Fair enough, however, I just felt it should be made clear as it is a shame you feel that you do not want to renew your membership solely on the basis of your experiences on a forum that the TTOC do not control.


----------



## jonnieboy (Aug 19, 2011)

toot3954 said:


> jonnieboy said:
> 
> 
> > I didn't suggest they did - but I joined the TTOC at the prompting of this forum which has become purile and childish - my thanks to "de messiah" for proving this... pretty sad lookout for Christians the world over if the messiah is anything like her.
> ...


Then perhaps it's time for the TTOC to start their own forum... this one somehow... "lacks quality"


----------



## TootRS (Apr 21, 2009)

jonnieboy said:


> Then perhaps it's time for the TTOC to start their own forum... this one somehow... "lacks quality"


There is a TTOC forum:

www.ttoc.co.uk/members


----------



## igotone (Mar 10, 2010)

I'm not really a fan of 'Goodbye' posts, if you're gonna go just walk and don't look back I say.

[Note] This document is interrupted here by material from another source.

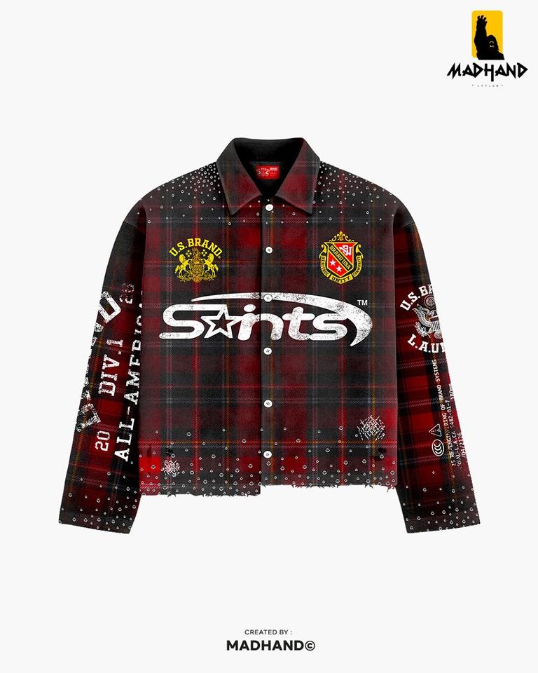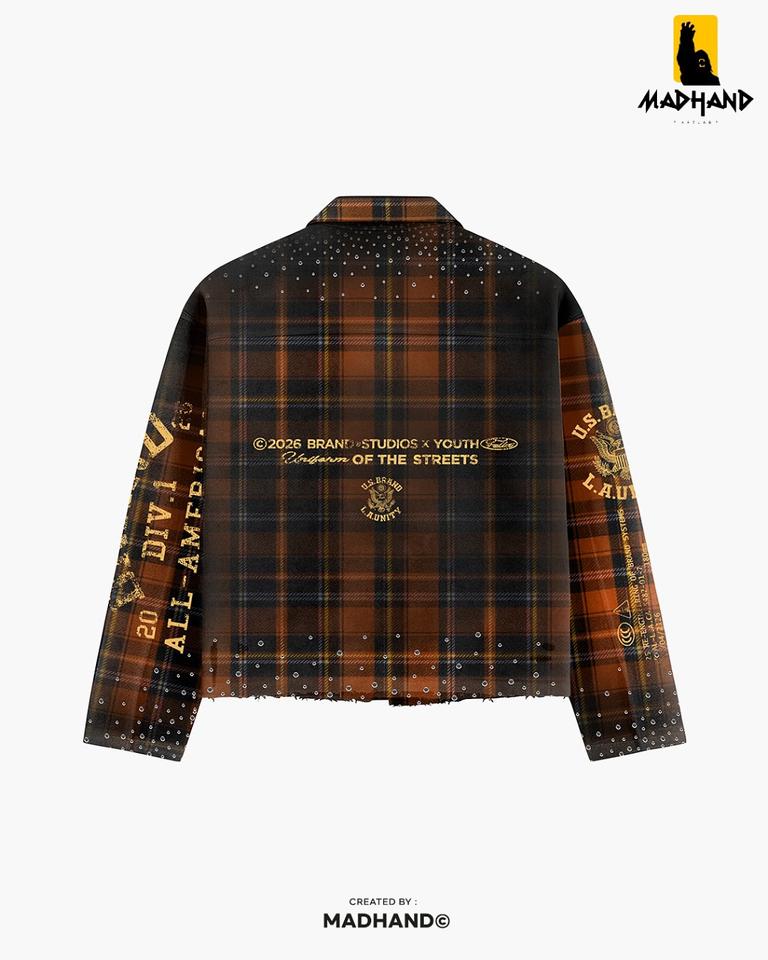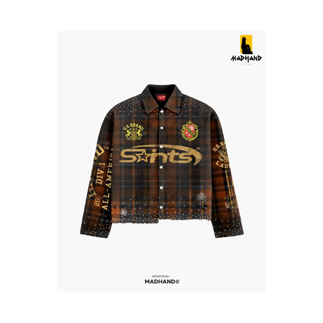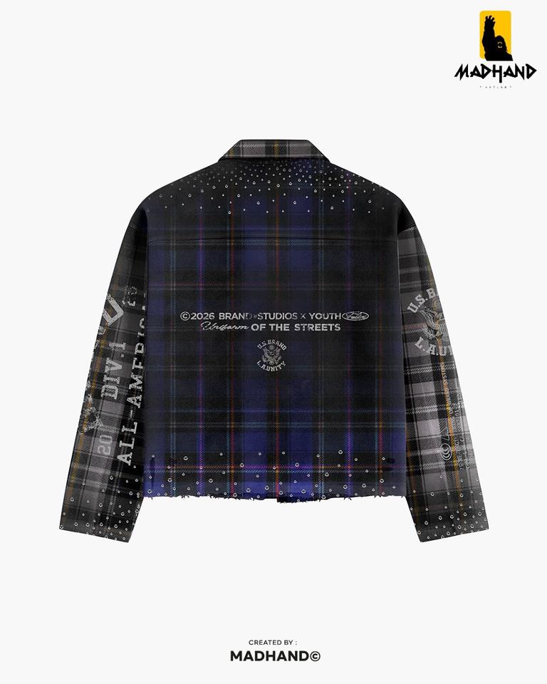 Custom Rhinestone Plaid Flannel Shirt | Distressed Oversized Checkered Jacket | Premium Streetwear Vintage Button Manufacturer

However the OP does raise the obvious point that this forum is going downhill alarmingly fast and he wont be the only contributor we'll be losing I'm sure. Can we make a clean sweep of the moderators perhaps and get some with some balls? :roll:


----------



## Demessiah (Jan 27, 2009)

igotone said:


> Can we make a clean sweep of the moderators perhaps and get some with some balls?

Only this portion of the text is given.